▶ **What to produce**: Using the data below, transcribe exactly everything from the line that contains "스테이지를 클리어하면 해당 던전에서 얻은 보상을 알려주며 끝이납니다" down to the line that contains "續(xù)航上,除保留了40". Include both of those lines and none of the pictures.

▶ **Given data**:
= = =
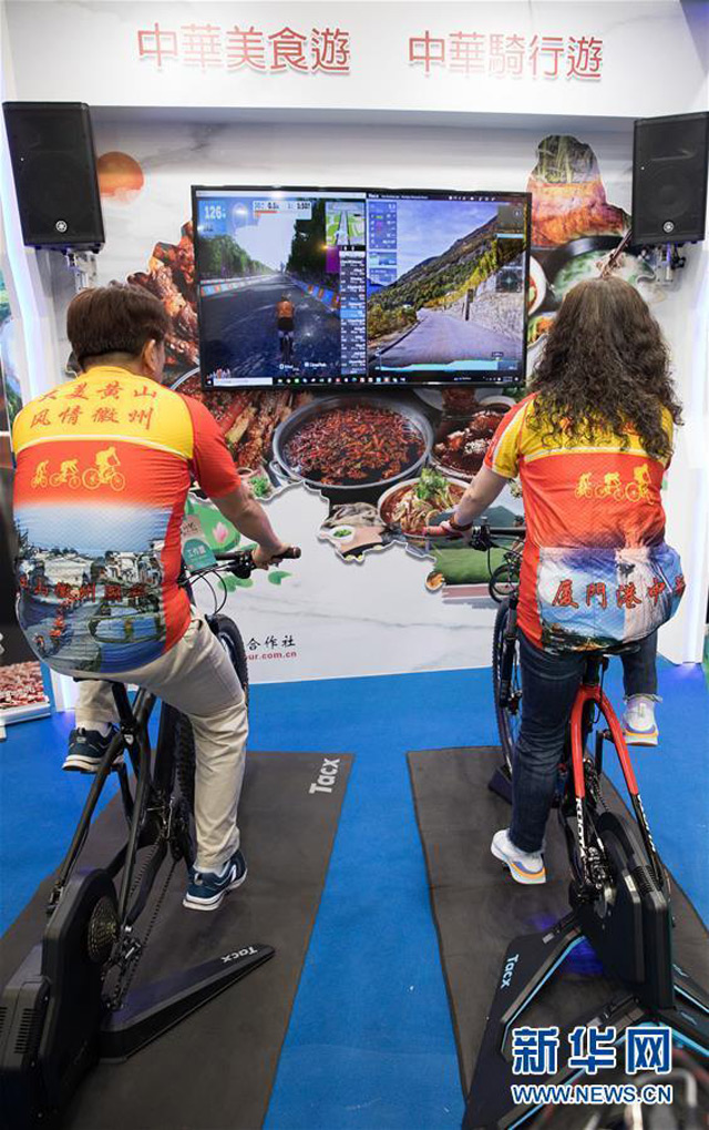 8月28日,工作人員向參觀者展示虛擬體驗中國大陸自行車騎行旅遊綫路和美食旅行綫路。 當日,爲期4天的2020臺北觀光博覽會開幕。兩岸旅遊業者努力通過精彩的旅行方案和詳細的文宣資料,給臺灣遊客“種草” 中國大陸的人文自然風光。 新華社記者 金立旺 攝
= = =
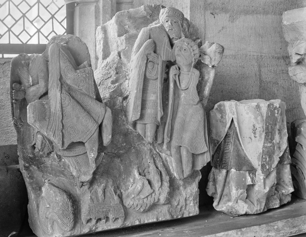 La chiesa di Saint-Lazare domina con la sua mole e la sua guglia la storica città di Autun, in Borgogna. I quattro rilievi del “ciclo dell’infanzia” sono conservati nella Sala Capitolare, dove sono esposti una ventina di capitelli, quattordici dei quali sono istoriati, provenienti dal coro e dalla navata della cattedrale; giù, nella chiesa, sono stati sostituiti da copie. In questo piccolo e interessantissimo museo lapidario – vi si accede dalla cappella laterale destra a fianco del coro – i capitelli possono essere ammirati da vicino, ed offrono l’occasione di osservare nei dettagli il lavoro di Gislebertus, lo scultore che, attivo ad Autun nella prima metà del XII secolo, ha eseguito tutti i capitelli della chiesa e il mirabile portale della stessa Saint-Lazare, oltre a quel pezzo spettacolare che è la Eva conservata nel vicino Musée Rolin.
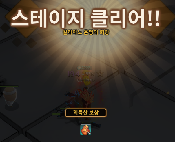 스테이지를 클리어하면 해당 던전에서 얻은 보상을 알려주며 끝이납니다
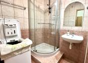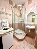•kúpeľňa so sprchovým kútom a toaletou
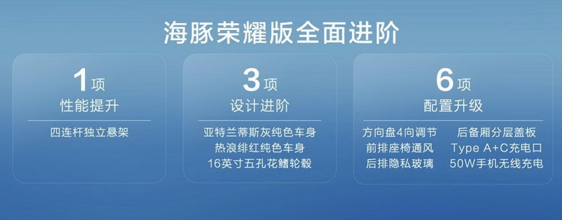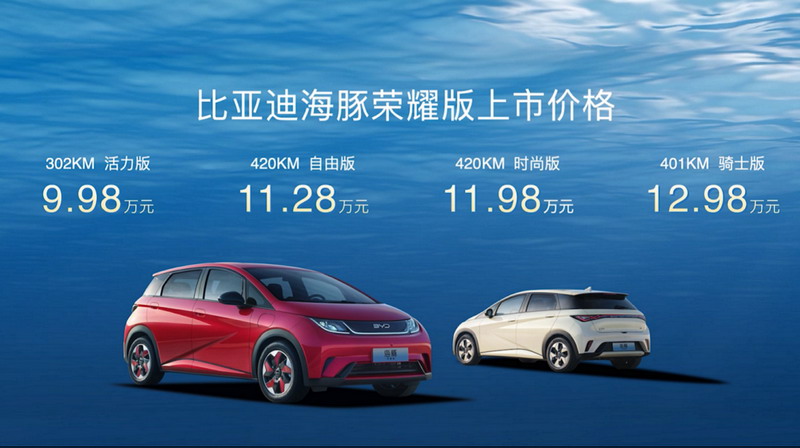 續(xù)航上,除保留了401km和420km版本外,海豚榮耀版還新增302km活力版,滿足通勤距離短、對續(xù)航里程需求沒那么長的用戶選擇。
= = =
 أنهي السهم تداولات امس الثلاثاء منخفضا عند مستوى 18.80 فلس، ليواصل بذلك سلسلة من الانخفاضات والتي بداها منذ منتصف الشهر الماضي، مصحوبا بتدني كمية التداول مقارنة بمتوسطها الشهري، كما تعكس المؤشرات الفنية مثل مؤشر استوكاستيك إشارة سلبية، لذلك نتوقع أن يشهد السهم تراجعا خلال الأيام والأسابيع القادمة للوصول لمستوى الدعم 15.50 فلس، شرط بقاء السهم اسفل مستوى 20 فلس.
= = =
▶ **Expected output**:
 스테이지를 클리어하면 해당 던전에서 얻은 보상을 알려주며 끝이납니다
•kúpeľňa so sprchovým kútom a toaletou
 續(xù)航上,除保留了401km和420km版本外,海豚榮耀版還新增302km活力版,滿足通勤距離短、對續(xù)航里程需求沒那么長的用戶選擇。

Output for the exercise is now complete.